Content-Transfer-Encoding: 7bit
Errors-To: linux-nvdimm-bounces@lists.01.org
Sender: "Linux-nvdimm" <linux-nvdimm-bounces@lists.01.org>
To: David Hildenbrand <david@redhat.com>, Dan Williams <dan.j.williams@intel.com>
Cc: Kevin Wolf <kwolf@redhat.com>, Rik van Riel <riel@redhat.com>, Jan Kara <jack@suse.cz>, Xiao Guangrong <xiaoguangrong.eric@gmail.com>, kvm-devel <kvm@vger.kernel.org>, Rik van Riel <riel@surriel.com>, Stefan Hajnoczi <stefanha@gmail.com>, Ross Zwisler <ross.zwisler@intel.com>, Qemu Developers <qemu-devel@nongnu.org>, Christoph Hellwig <hch@infradead.org>, Stefan Hajnoczi <stefanha@redhat.com>, "linux-nvdimm@lists.01.org" <linux-nvdimm@ml01.01.org>, Paolo Bonzini <pbonzini@redhat.com>, Nitesh Narayan Lal <nilal@redhat.com>
List-ID: <linux-nvdimm@lists.01.org>


> 
> >> I'd like to emphasize again, that I would prefer a virtio-pmem only
> >> solution.
> >>
> >> There are architectures out there (e.g. s390x) that don't support
> >> NVDIMMs - there is no HW interface to expose any such stuff.
> >>
> >> However, with virtio-pmem, we could make it work also on architectures
> >> not having ACPI and friends.
> > 
> > ACPI and virtio-only can share the same pmem driver.
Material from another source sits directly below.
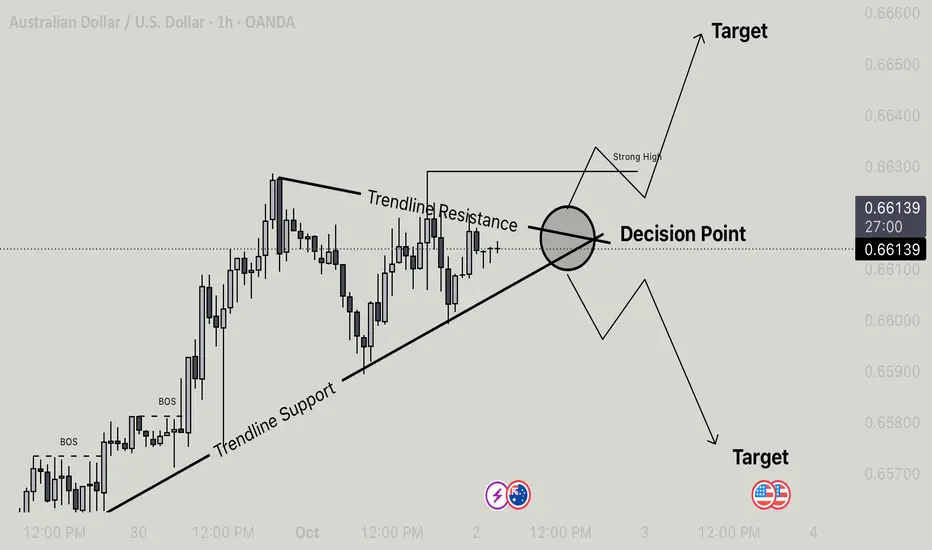 Price is currently consolidating above trendline support and nearing a confluence zone of trendline resistance and a major Decision Point. Structure remains bullish after multiple BOS (Break of Structure), but momentum is slowing.

There are two
> > parts to this, region discovery and setting up the pmem driver. For
> > discovery you can either have an NFIT-bus defined range, or a new
> > virtio-pmem-bus define it. As far as the pmem driver itself it's
> > agnostic to how the range is discovered.
> > 
> 
> And in addition to discovery + setup, we need the flush via virtio.
> 
> > In other words, pmem consumes 'regions' from libnvdimm and the a bus
> > provider like nfit, e820, or a new virtio-mechansim produce 'regions'.
> > 
> 
> That sounds good to me. I would like to see how the ACPI discovery
> variant connects to a virtio ring.
> 
> The natural way for me would be:
> 
> A virtio-X device supplies a memory region ("discovery") and also the
> interface for flushes for this device. So one virtio-X corresponds to
> one pmem device. No ACPI to be involved (also not on architectures that
> have ACPI)

I agree here if we discover regions with virtio-X we don't need to worry about
NFIT ACPI. Actually, there are three ways to do it with pros and cons of these 
approaches: 

1] Existing pmem driver & virtio for region discovery:
  -----------------------------------------------------
  Use existing pmem driver which is tightly coupled with concepts of namespaces, labels etc 
  from ACPI region discovery and re-implement these concepts with virtio so that existing
  pmem driver can understand it. In addition to this, task of pmem driver to send flush command
  using virtio.
  
2] Existing pmem driver & ACPI NFIT for region discovery:
  ----------------------------------------------------------------
- If we use NFIT ACPI, we need to teach existing ACPI driver to add this new memory
  type and teach existing pmem driver to handle this new memory type. Still we need 
  an asynchronous(virtio) way to send flush commands. We need virtio device/driver
  or arbitrary key/value like pair just to send commands from guest to host using virtio. 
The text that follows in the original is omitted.